Jetzt ist Ihre Meinung gefragt zu *Intel investiert 40 Milliarden Schekel in neue Fab*

						Intel investiert 40 Milliarden Schekel (rund 11 Mrd. US-D) in eine neue Fabrik in Kirjat Gat und bekennt sich damit deutlich zum Standort Israel. Der Bau soll mit 10 Prozent Staatsgeldern subventioniert werden. Währenddessen wird die bestehende Fab modernisiert.

						Bitte beachten Sie: Der Kommentarbereich wird gemäß der Forenregeln moderiert. Allgemeine Fragen und Kritik zu Online-Artikeln von PC Games Hardware sind im Feedback-Unterforum zu veröffentlichen und nicht im Kommentarthread zu einer News. Dort werden sie ohne Nachfragen entfernt.
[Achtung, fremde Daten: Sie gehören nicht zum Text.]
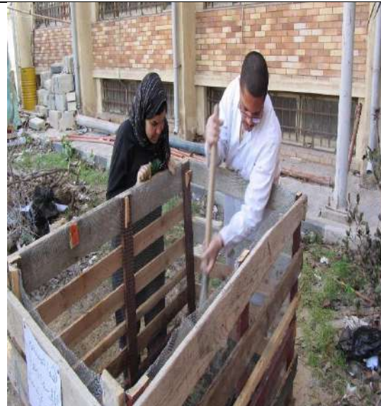
Leaves and organic waste were treated for the vermi-compost to produce organic fertilizers to use in the Campus gardens (Alexandria University).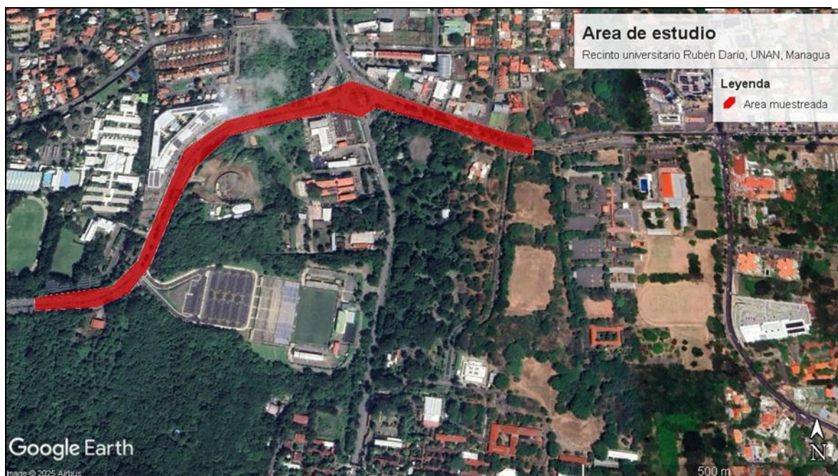
Figura 2. Áreas boscosas del recinto universitario, donde habita el Gato ostoche (GoogleLLC, 2025).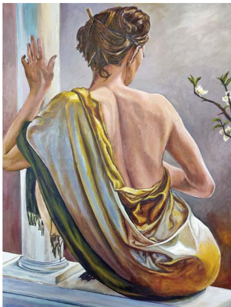
Sin título 80 x 60 cm.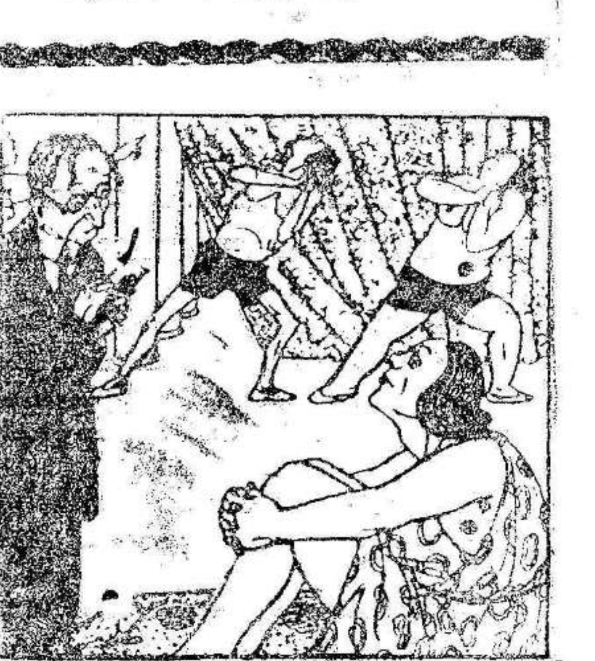
EL PROFESOR Y LAS BAILARINAS

—Señoritas, no olviden que pueden bailar sin piernas; pero no sin una concepción filosófica del Cosmos.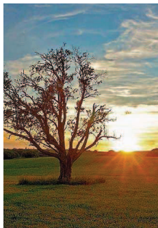
Platz fünf: „Abendstimmung“ heißt das Bild von Edwin Schöneberger aus Schiffweiler.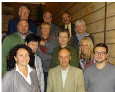
Projektauswahlgremium der REGATTA

Der Regionalentwicklungsverein Attersee-Attergau, die REGATTA, hat in 5 Fördersitzungen seit Juli 2015 insgesamt 1,17 Mio. Euro für 30 Projekte genehmigt. Jedes Projekt wird anhand von 16 Qualitätskriterien objektiv bewertet und muss im Durchschnitt mindestens 19 Punkte erhalten. Erst dann wird über die Zuteilung einer LEADER-Förderung abgestimmt. Aus den 12 REGATTA- Gemeinden wählt je 1 Vorstandsmitglied die LEADER-Förderprojekte aus.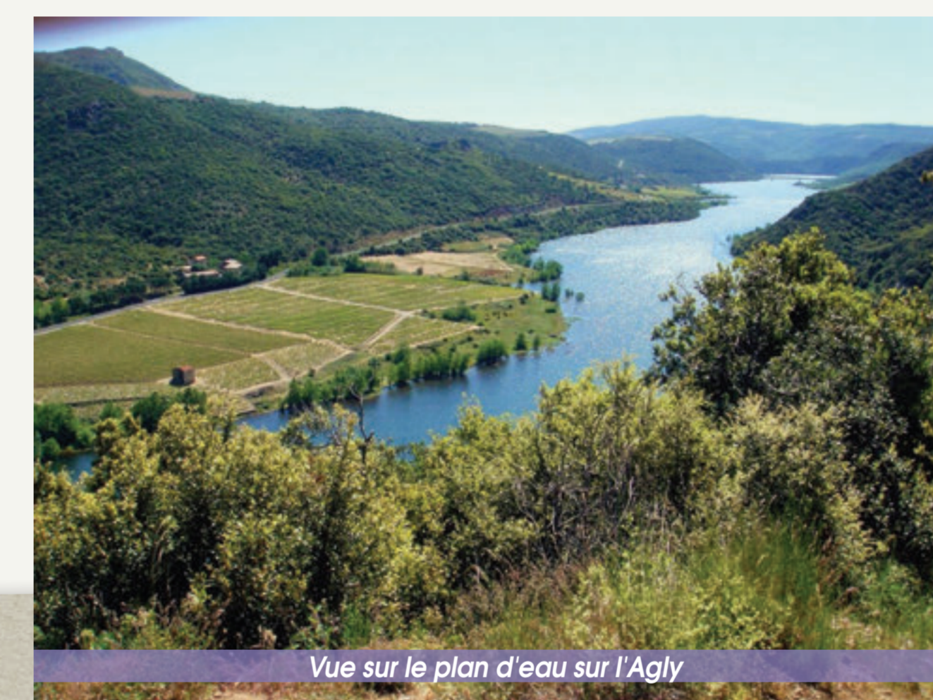
Vue sur le plan d'eau sur l'Agly

Le sentier vous fera découvrir le dolmen de las Apostados et le dolmen de las Colombinos, situés tous deux sur la commune de Trilla. Il vous invite également à la découverte des paysages de garrigues, typiques des territoires méditerranéens. Entre les plateaux de Taupels et du Camp del Prat en passant par le Rec de la Llèbre, vous aurez l'occasion d'apprécier les beaux panoramas qu'offre la richesse naturelle des Fenouillèdes.

			Dieser Inhalt steht nur eingeloggten Mitgliedern zur Verfügung.
        

 Zurück zum Artikel: *Intel investiert 40 Milliarden Schekel in neue Fab*


----------



## XXTREME (30. Januar 2019)

Boha ich habe Schenkel gelesen ....erstmal nen Kaffee.


----------



## onkel-foehn (30. Januar 2019)

Und der dritte von Rechts auf dem Foto hat doch ein Laptop mit Ryzen Prozessor oder ?!?   

MfG, Föhn.


----------



## Lelwani (30. Januar 2019)

onkel-foehn schrieb:


> Und der dritte von Rechts auf dem Foto hat doch ein Laptop mit Ryzen Prozessor oder ?!?
> 
> MfG, Föhn.




meinste den dessen berechnungen schon fertig sind und er schon feierabend machen kann?


----------



## Gast20190402 (30. Januar 2019)

onkel-foehn schrieb:


> Und der dritte von Rechts auf dem Foto hat doch ein Laptop mit Ryzen Prozessor oder ?!?
> 
> MfG, Föhn.



ICH HAU MICH WEG !!!!!!!!!!

DANKE


----------



## Krabonq (30. Januar 2019)

onkel-foehn schrieb:


> Und der dritte von Rechts auf dem Foto hat doch ein Laptop mit Ryzen Prozessor oder ?!?
> 
> MfG, Föhn.



Welcher ist da "der dritte von rechts"?


----------



## pizzazz (30. Januar 2019)

intel geht am arbeitsplatz keine risiken ein:
- jeder trägt ne arbeits-schutz-brille gegen die blauen lichtanteile des monitors
- und handschuhe gegen eventuelle bakterien auf der tastatur
nach der arbeit dann gehts zum sonnenbaden ans meer


----------



## master030 (30. Januar 2019)

Der an der Wand sitzt.


----------



## Firestar81 (30. Januar 2019)

Was für ein lustiges Bildchen. Da sitzen wohl die Prozessor Chirurgen von Intel und bereiten sich auf die nächste Operation vor.


----------



## KI_Kong (30. Januar 2019)

Kernkraft-Forscher bei der Arbeit, eh?


----------



## DesinformierterLoser (30. Januar 2019)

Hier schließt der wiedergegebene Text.